**WHAT IS NEEDED**
From the first line of the listing below to the line with "محیط آتلیه باید", print each line exactly, and nothing more. Leave out the pictures.
*** GIVEN INFORMATION ***
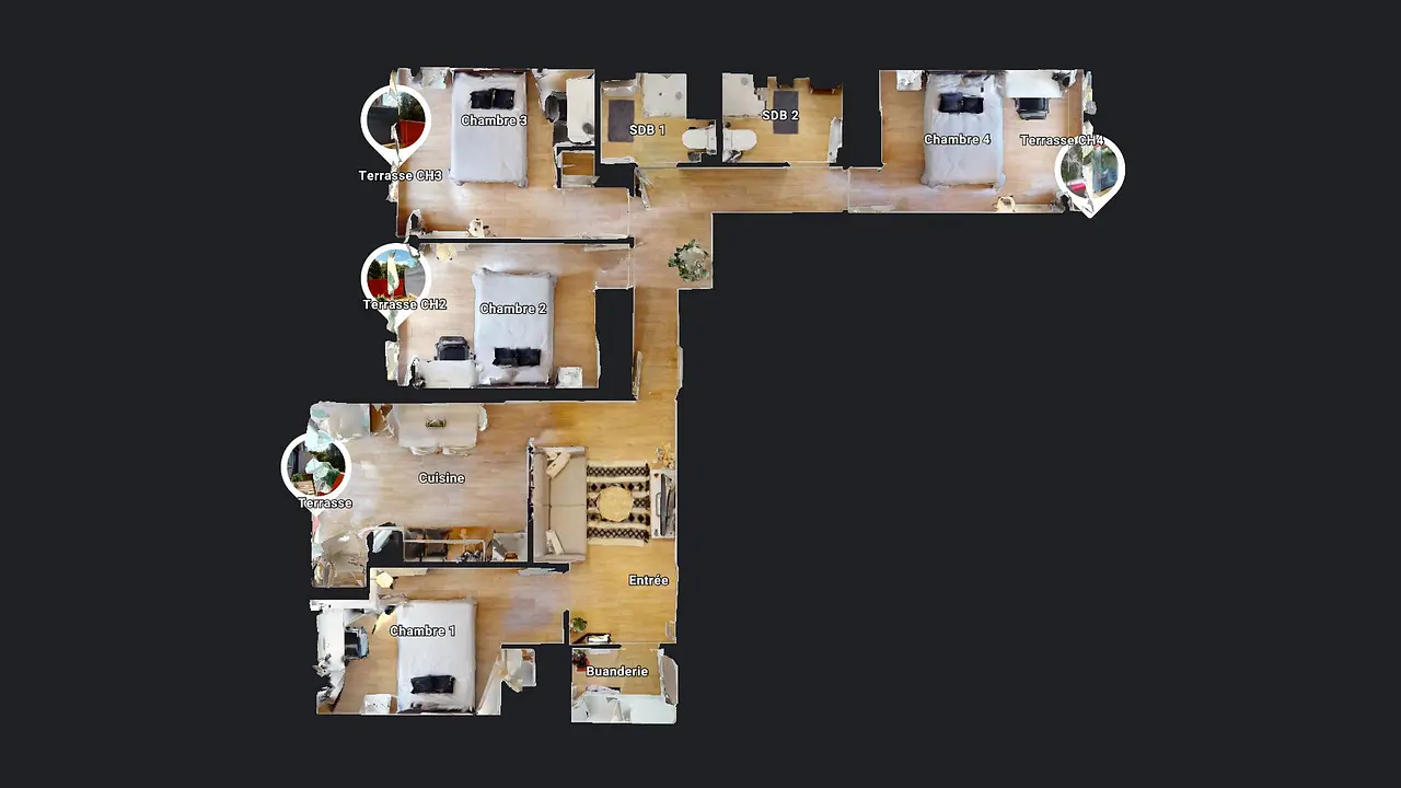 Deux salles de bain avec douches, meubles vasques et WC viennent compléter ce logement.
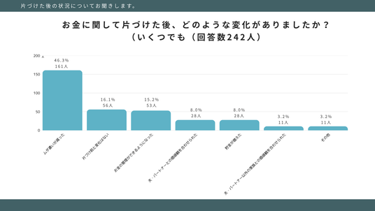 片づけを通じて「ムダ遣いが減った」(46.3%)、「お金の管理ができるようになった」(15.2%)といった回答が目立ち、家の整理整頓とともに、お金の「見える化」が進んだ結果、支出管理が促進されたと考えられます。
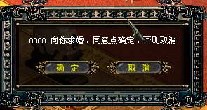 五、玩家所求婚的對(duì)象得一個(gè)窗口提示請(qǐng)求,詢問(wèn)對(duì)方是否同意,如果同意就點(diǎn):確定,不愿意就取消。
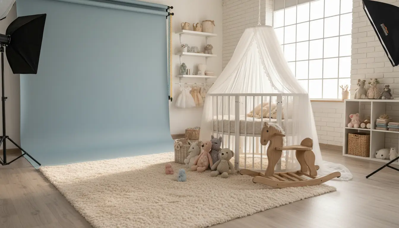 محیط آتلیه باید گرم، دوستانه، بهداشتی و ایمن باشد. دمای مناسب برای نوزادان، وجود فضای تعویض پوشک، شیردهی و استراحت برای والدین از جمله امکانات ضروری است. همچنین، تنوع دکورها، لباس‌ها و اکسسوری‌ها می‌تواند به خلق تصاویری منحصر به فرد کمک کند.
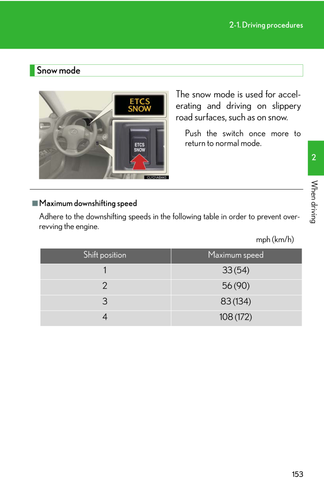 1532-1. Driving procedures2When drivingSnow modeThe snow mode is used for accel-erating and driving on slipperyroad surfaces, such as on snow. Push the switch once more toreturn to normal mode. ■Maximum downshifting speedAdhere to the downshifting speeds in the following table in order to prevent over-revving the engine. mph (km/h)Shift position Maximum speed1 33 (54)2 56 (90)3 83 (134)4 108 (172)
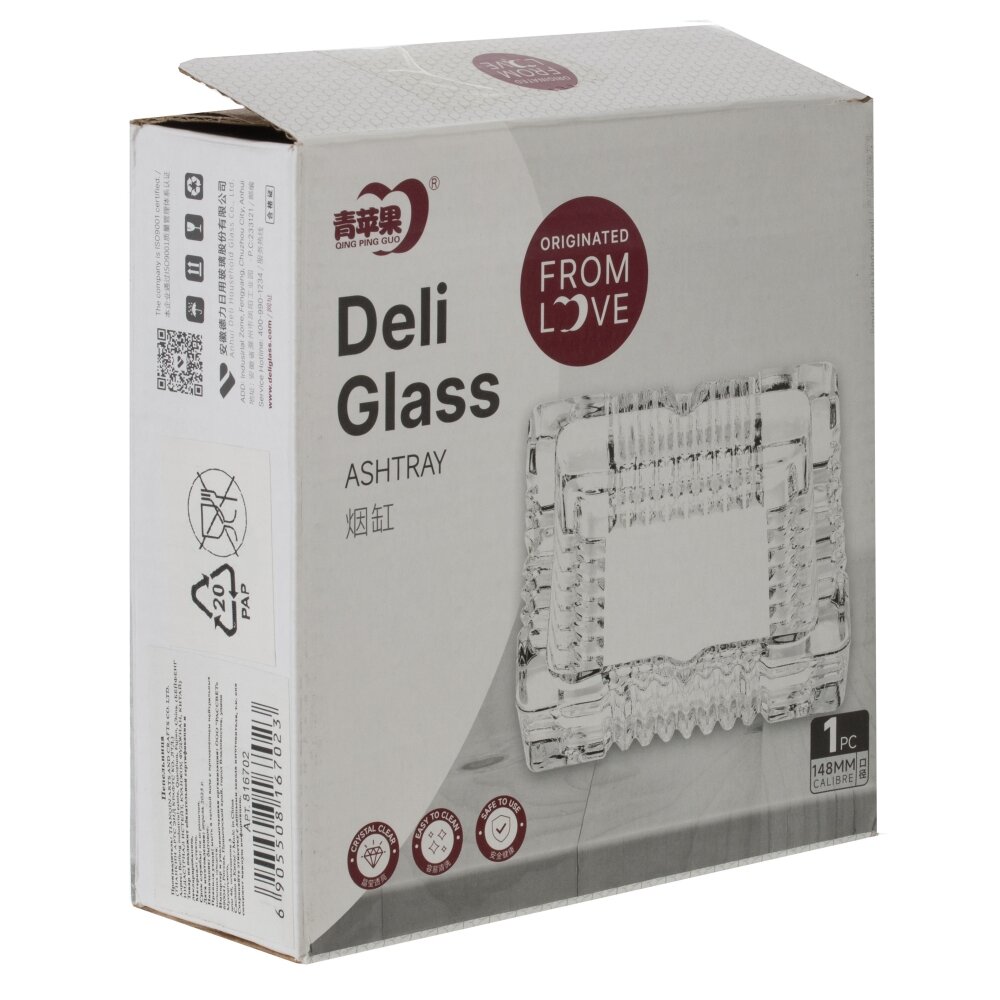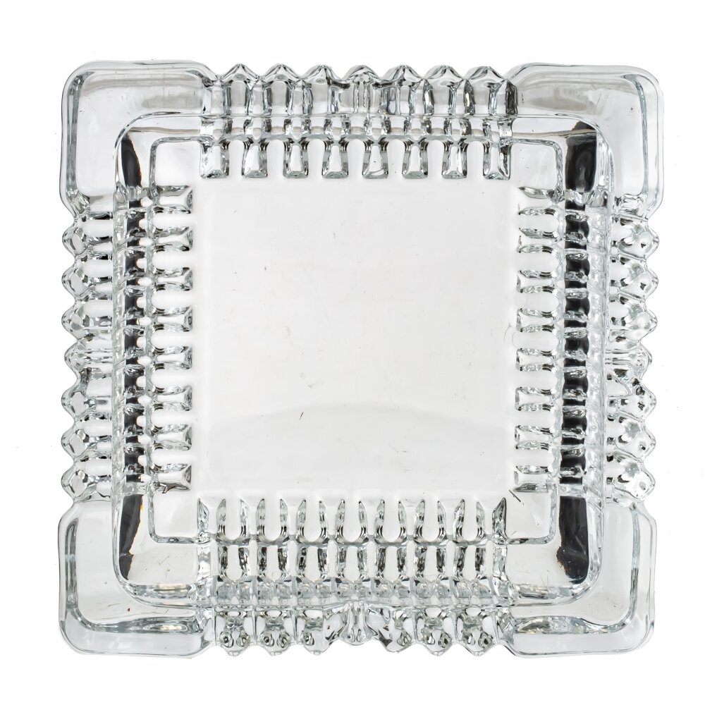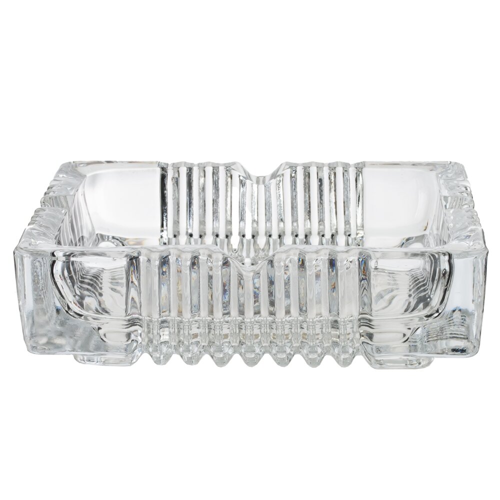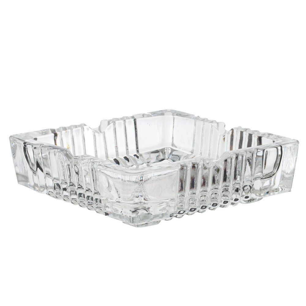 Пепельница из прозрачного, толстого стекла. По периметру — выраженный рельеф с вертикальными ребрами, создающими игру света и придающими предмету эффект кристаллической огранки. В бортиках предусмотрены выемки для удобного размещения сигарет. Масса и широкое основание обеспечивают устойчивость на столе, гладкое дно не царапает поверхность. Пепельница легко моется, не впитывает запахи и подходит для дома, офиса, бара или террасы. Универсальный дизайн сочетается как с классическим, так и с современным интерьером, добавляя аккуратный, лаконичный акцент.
*** End of GIVEN INFORMATION ***
**EXERCISE OUTPUT**
 Deux salles de bain avec douches, meubles vasques et WC viennent compléter ce logement.
 片づけを通じて「ムダ遣いが減った」(46.3%)、「お金の管理ができるようになった」(15.2%)といった回答が目立ち、家の整理整頓とともに、お金の「見える化」が進んだ結果、支出管理が促進されたと考えられます。
 五、玩家所求婚的對(duì)象得一個(gè)窗口提示請(qǐng)求,詢問(wèn)對(duì)方是否同意,如果同意就點(diǎn):確定,不愿意就取消。
 محیط آتلیه باید گرم، دوستانه، بهداشتی و ایمن باشد. دمای مناسب برای نوزادان، وجود فضای تعویض پوشک، شیردهی و استراحت برای والدین از جمله امکانات ضروری است. همچنین، تنوع دکورها، لباس‌ها و اکسسوری‌ها می‌تواند به خلق تصاویری منحصر به فرد کمک کند.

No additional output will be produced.